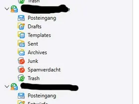 Die nativen Namen der Systemordner sind bei allen Providern in der Regel englisch (also INBOX, Drafts, Sent, Trash usw.). Normalerwesie legt Thunderbird eine (deutsche) Übersetzung darüber, so dass diese Ordner als Posteingang, Entwürfe, Gesendet, Papierkorb usw. angezeigt werden. Das funktioniert gerade nicht, soll aber schon mit dem nächsten Thunderbird-Update behoben werden. Also bitte einfach noch ein bisschen damit leben und gar nichts machen.
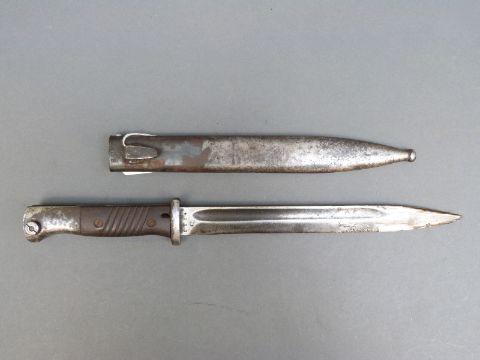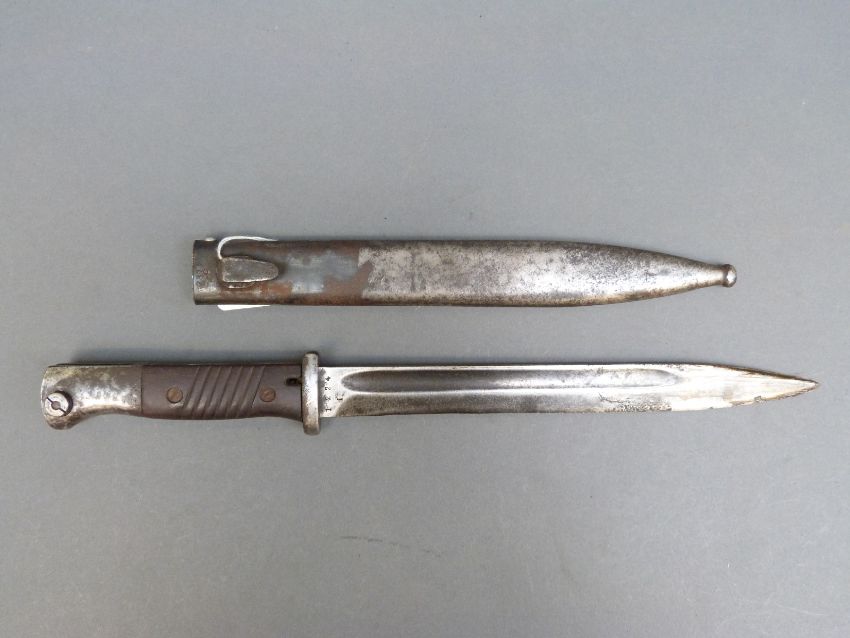 German WWII K98 bayonet marked Gebr Heller to blade and stamped to scabbard fze 42
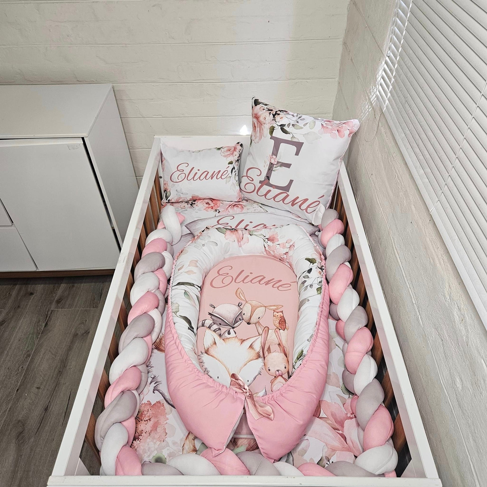 Duvet cover & Inner, or Comforter, Baby Pillow & Inner, Scatter & Inner, Baby Nest, 3 M Bumper and a Fitted sheet to fit cot
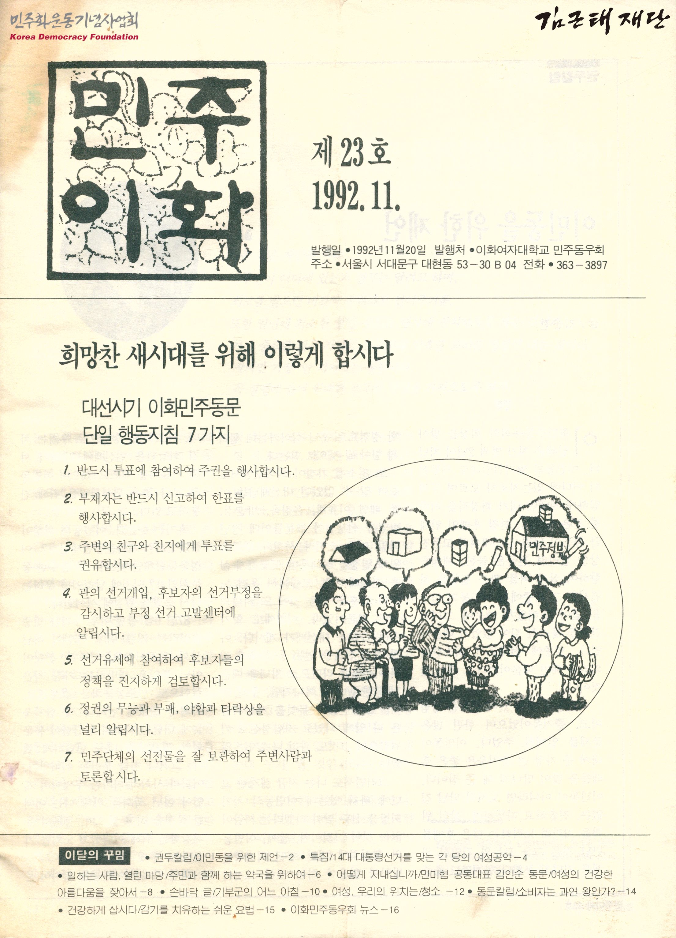 - 이민동을 위한 제언, 14대 대통령선거를 맞는 각 당의 여성공약, 주민과 함께 하는 약국을 위하여 등의 내용을 포함한 소식지
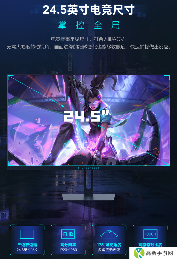 据介绍,雷神黑武士 24.5 英寸显示器“CF25F300”采用三边窄边框设计,屏幕比例 16:9、分辨率 1920*1080、支持 178° 可视角度、静态对比度 1000:1。
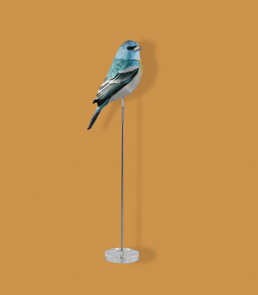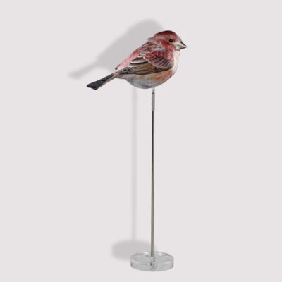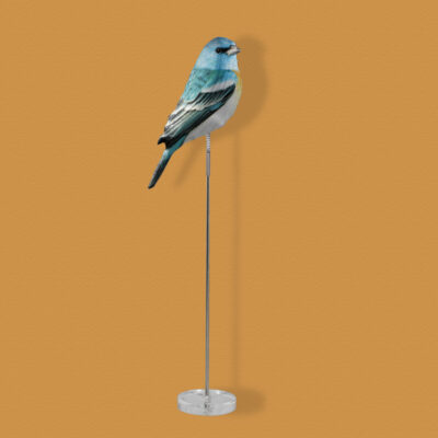 Frigilla bird, αντικείμενο από εκτυπωμένο αλουμίνιο σε πλεξιγκλας βάση 5cm x 1cm. Designer: Aluminati

☆ ☆ ☆ ☆ ☆ ☆ ☆

_EXERCISE OBJECTIVE_
Give the records again exactly, pictures left out.

_ANSWER TO THIS TASK_
 Die nativen Namen der Systemordner sind bei allen Providern in der Regel englisch (also INBOX, Drafts, Sent, Trash usw.). Normalerwesie legt Thunderbird eine (deutsche) Übersetzung darüber, so dass diese Ordner als Posteingang, Entwürfe, Gesendet, Papierkorb usw. angezeigt werden. Das funktioniert gerade nicht, soll aber schon mit dem nächsten Thunderbird-Update behoben werden. Also bitte einfach noch ein bisschen damit leben und gar nichts machen.
 German WWII K98 bayonet marked Gebr Heller to blade and stamped to scabbard fze 42
 Duvet cover & Inner, or Comforter, Baby Pillow & Inner, Scatter & Inner, Baby Nest, 3 M Bumper and a Fitted sheet to fit cot
 - 이민동을 위한 제언, 14대 대통령선거를 맞는 각 당의 여성공약, 주민과 함께 하는 약국을 위하여 등의 내용을 포함한 소식지
 据介绍,雷神黑武士 24.5 英寸显示器“CF25F300”采用三边窄边框设计,屏幕比例 16:9、分辨率 1920*1080、支持 178° 可视角度、静态对比度 1000:1。
 Frigilla bird, αντικείμενο από εκτυπωμένο αλουμίνιο σε πλεξιγκλας βάση 5cm x 1cm. Designer: Aluminati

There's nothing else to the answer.